Data entries:

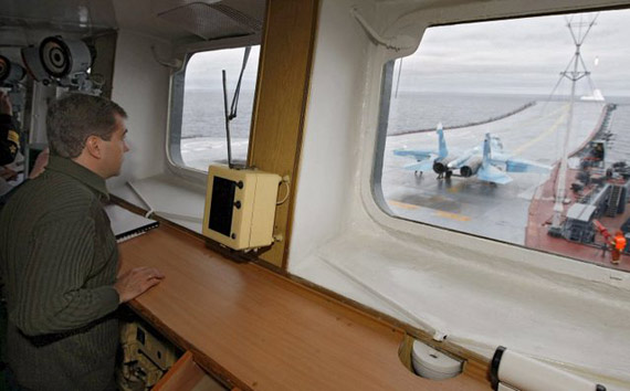 俄總統(tǒng)梅德韋杰夫在庫茲涅佐夫號航母上觀看穩(wěn)定2008軍演(資料圖)
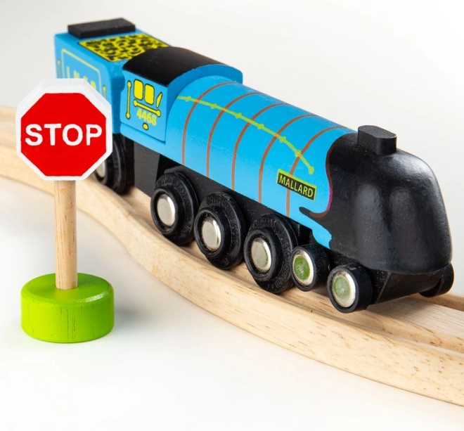 Met deze houten replica van de legendarische Mallard-locomotief beleven kinderen urenlang plezier. Hij is gemaakt van hoogwaardige en verantwoord verkregen natuurlijke materialen. Het magnetische systeem maakt het eenvoudig om met andere wagons te koppelen, waardoor creatief spel wordt gestimuleerd.
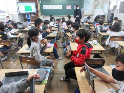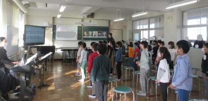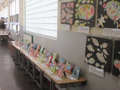 3年生です。音楽と外国語活動の様子です。そして教室前ろうかには作品が展示されています。
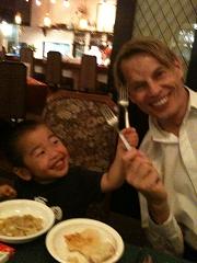 これは、先週のお話になるのですが、主人の上司であるドイツ人の方が、われらがホームタウン津田沼まで遊びに来てくれました。ドイツ人の上司さんは、初来日だとか。それなのに、われらファミリーに会いに、津田沼まで来てくれるとは、何とジェントルマンなの~。・・・とはいっても、だんなさんが、ちゃんとを出して、お迎えに行ったんですがねそれはそうと、うちの3歳の息子は、中年男性嫌い!?の傾向が。エレベーターなどで、この年齢層の男性と一緒になるとなぜか息を止める。ドイツ人の上司を見たら、息を止めるか号泣するか・・・どちらかに違いない~。と思っておりましたが、予想をくつがえし仲良しさんに。身長190cm越えのドイツ人の上司さんと身長90cm弱の息子さんのまるでガリバー旅行記のような組み合わせ。そんな2人を見てほほえましく思う、私たち夫婦なのでありました。
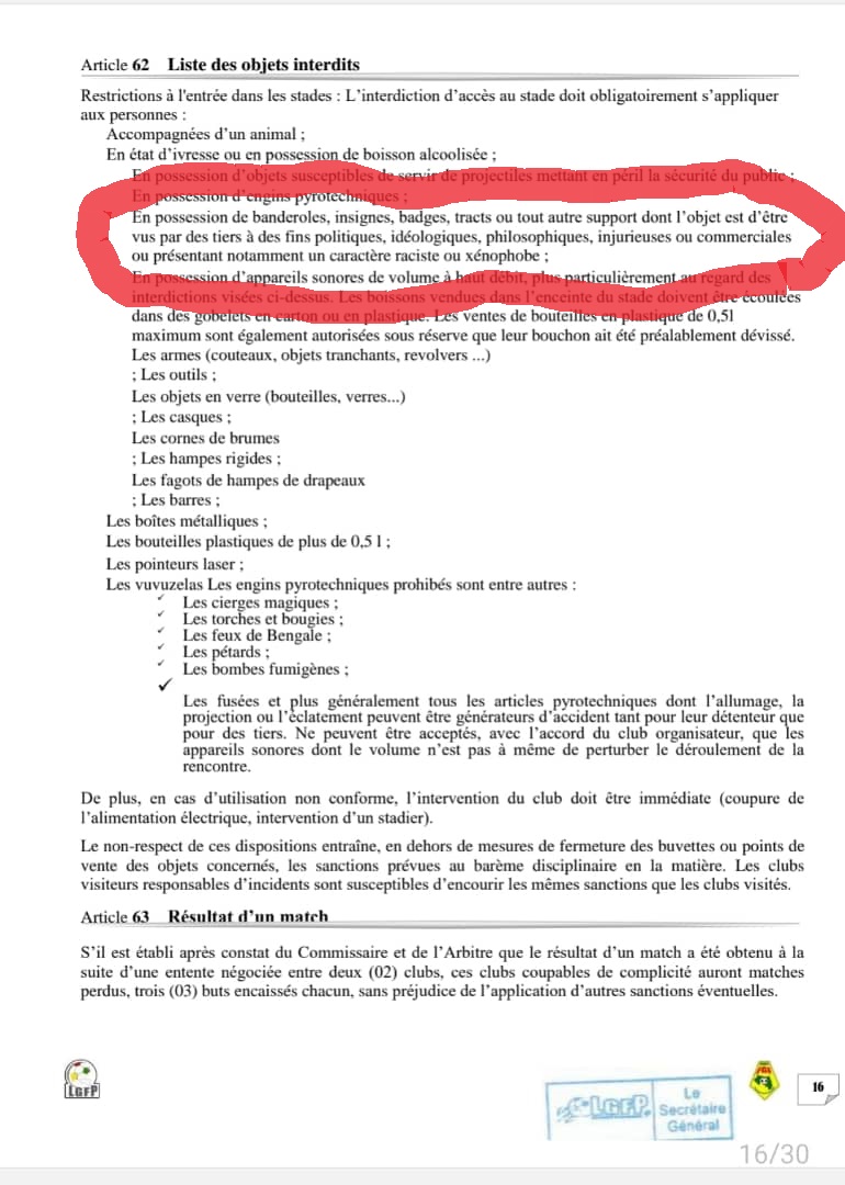 A l’ouverture du championnat de Ligue 1 de cette année au stade Petit Sory, deux grosses affiches magnifiaient les « actions » du président de la Transition, le colonel Mamadi Doumbouya (voir photo). Le hic ? Selon le règlement du championnat de Ligue 1 de cette année ; les banderoles, insignes, badges, dont l’objet est d’être vus par des tiers à des fins politiques notamment font partie de la liste des objets interdits dans les stades.
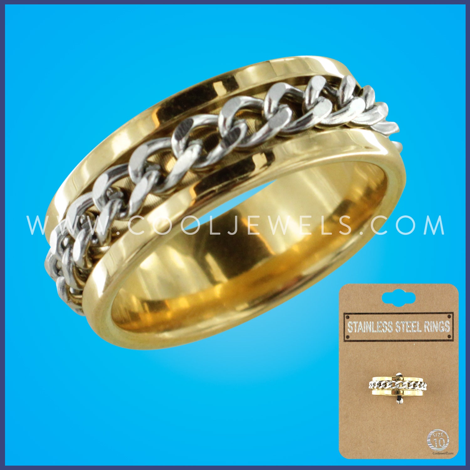 STAINLESS STEEL BAND WITH GOLD TRIM & CHAIN CENTER - CARDED

TASK BRIEF ▸ With all pictures omitted, repeat every record above word for word.

FINAL ANSWER ▸
 俄總統(tǒng)梅德韋杰夫在庫茲涅佐夫號航母上觀看穩(wěn)定2008軍演(資料圖)
 Met deze houten replica van de legendarische Mallard-locomotief beleven kinderen urenlang plezier. Hij is gemaakt van hoogwaardige en verantwoord verkregen natuurlijke materialen. Het magnetische systeem maakt het eenvoudig om met andere wagons te koppelen, waardoor creatief spel wordt gestimuleerd.
 3年生です。音楽と外国語活動の様子です。そして教室前ろうかには作品が展示されています。
 これは、先週のお話になるのですが、主人の上司であるドイツ人の方が、われらがホームタウン津田沼まで遊びに来てくれました。ドイツ人の上司さんは、初来日だとか。それなのに、われらファミリーに会いに、津田沼まで来てくれるとは、何とジェントルマンなの~。・・・とはいっても、だんなさんが、ちゃんとを出して、お迎えに行ったんですがねそれはそうと、うちの3歳の息子は、中年男性嫌い!?の傾向が。エレベーターなどで、この年齢層の男性と一緒になるとなぜか息を止める。ドイツ人の上司を見たら、息を止めるか号泣するか・・・どちらかに違いない~。と思っておりましたが、予想をくつがえし仲良しさんに。身長190cm越えのドイツ人の上司さんと身長90cm弱の息子さんのまるでガリバー旅行記のような組み合わせ。そんな2人を見てほほえましく思う、私たち夫婦なのでありました。
 A l’ouverture du championnat de Ligue 1 de cette année au stade Petit Sory, deux grosses affiches magnifiaient les « actions » du président de la Transition, le colonel Mamadi Doumbouya (voir photo). Le hic ? Selon le règlement du championnat de Ligue 1 de cette année ; les banderoles, insignes, badges, dont l’objet est d’être vus par des tiers à des fins politiques notamment font partie de la liste des objets interdits dans les stades.
 STAINLESS STEEL BAND WITH GOLD TRIM & CHAIN CENTER - CARDED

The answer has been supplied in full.